O cenário internacional segue marcado por incertezas. O relatório do Rabobank aponta que o presidente Donald Trump descartou o uso da força na questão da Groenlândia e suspendeu a imposição de tarifas sobre produtos europeus, após sinalizar avanços em um possível acordo comercial.

O banco projeta que o Federal Reserve (Fed) deve manter a taxa de juros americana entre 3,50% e 3,75%, reforçando uma postura cautelosa diante das pressões geopolíticas.

A volatilidade externa tem levado investidores a diversificar seus ativos fora dos Estados Unidos, fortalecendo moedas emergentes e pressionando o dólar globalmente.

Brasil: Arrecadação Federal Tem o Melhor Desempenho Desde 2000

No ambiente doméstico, os dados fiscais seguem positivos.
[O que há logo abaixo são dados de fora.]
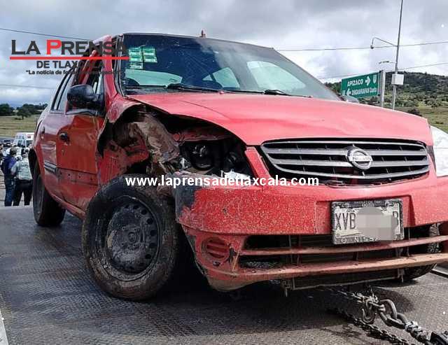 A la altura de Villa de las Flores en la Apizaco-Tlaxco colisionan frontalmente taxi y particular

Em dezembro de 2025, a arrecadação federal atingiu R$ 292,8 bilhões, alta real de 7,5% em relação ao ano anterior, segundo a Receita Federal e o Rabobank.

No acumulado de 2025, o total arrecadado chegou a R$ 2,89 trilhões, o melhor resultado desde o ano 2000.

Entre os destaques, o IOF registrou forte crescimento (+20,5%), impulsionado por mudanças na legislação, seguido por IR (+22,7%) e Cofins (+6,1%).

Setor Externo: Déficit em Conta Corrente e Investimentos Diretos em Alta

O relatório mostra que o déficit em transações correntes chegou a US$ 3,4 bilhões em dezembro, resultado melhor que o esperado pelo mercado. No ano, o déficit acumulado foi de US$ 68,8 bilhões (3,0% do PIB).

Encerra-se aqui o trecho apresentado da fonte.